As listed above, inflatable devices and metal devices and other type of moldable devices are not absorbent. There is a need in the art for splint material that is both moldable and absorbent. Splint material should also be lightweight. Prior moldable splints are typically heavy, as for example in the cumbersome metal lattice.

Cost has become a prominent issue in modern healthcare. To the extent it is possible to maintain required standards for good care, it is advantageous to use economical equipment, and in particular inexpensive splint material.

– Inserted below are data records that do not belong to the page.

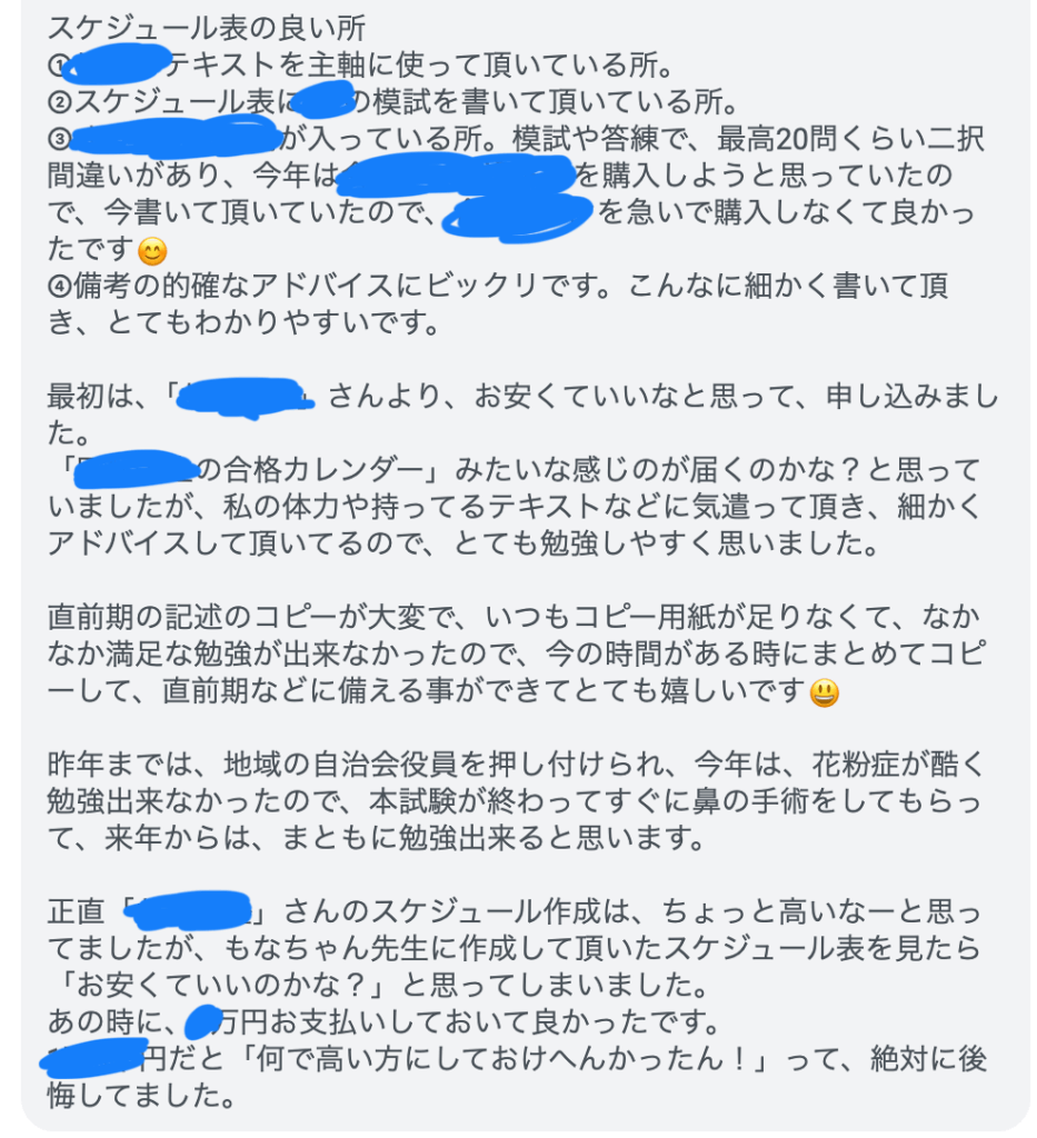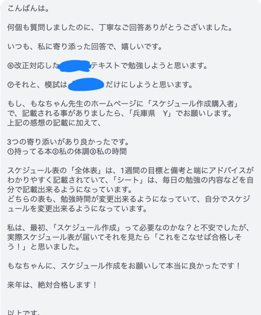 私自身は完全にゼロから情報収集し、合格をしましたが、それにかかった時間的コストや経済的コスト、心理的な不安を振り返ると、合格経験者のスケジュール作成があるのとないのとでは、学習効率に雲泥の差があるように思います。
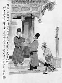 “拜年”,王弘力画《古代风俗百图》
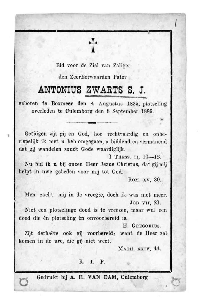 bidprent voor Antonius Zwarts S.J.. Geboren 04-08-18...
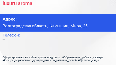 luxuru-aroma по адресу Волгоградская область, Камышин, Мира, 25 в дальнейшем Организация, размещена в следующих категориях:
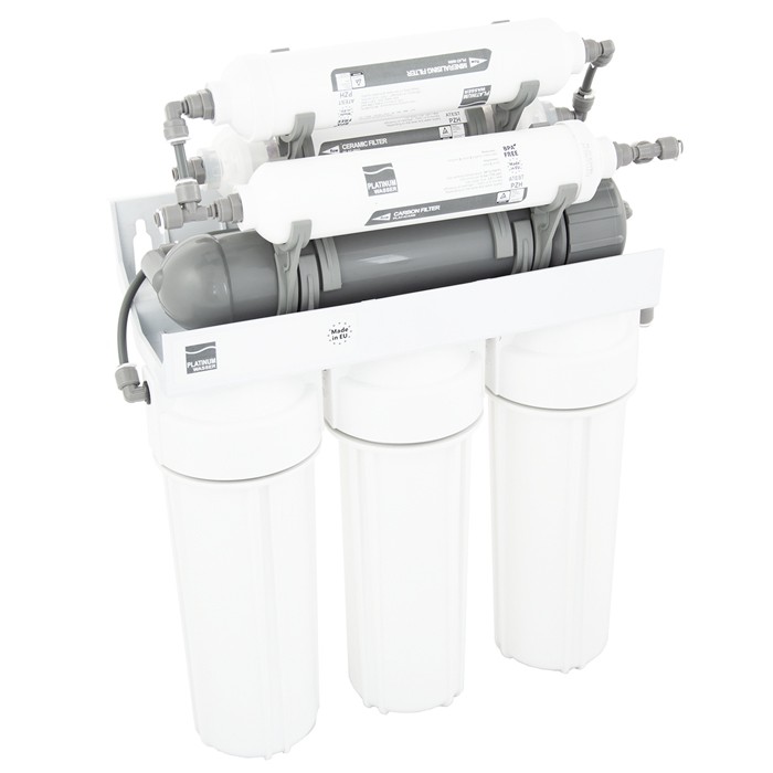 Platinum Wasser Ultra 7 - высококачественная система обратного осмоса от немецкого производителя. Система - семиступенчатая с минерализатором и биокерамическим картриджем. Фильтр устанавливается под мойкой и выводится на отдельный небольшой двойной кран для питьевой воды (очищенная и минерализированная).

There is a further need in the art for additional shock absorbing capabilities in splints in order to protect the injured appendage, particularly in those situations or in the field where patient transport may require moving the patient on a stretcher, gurney or ambulance across uneven or bumpy ground.

There is a further need in the art for inexpensive disposable splints that may be used in athletics or other occasional use after a permanent cast has been removed but before full healing of an appendage, for example a broken limb, has been achieved.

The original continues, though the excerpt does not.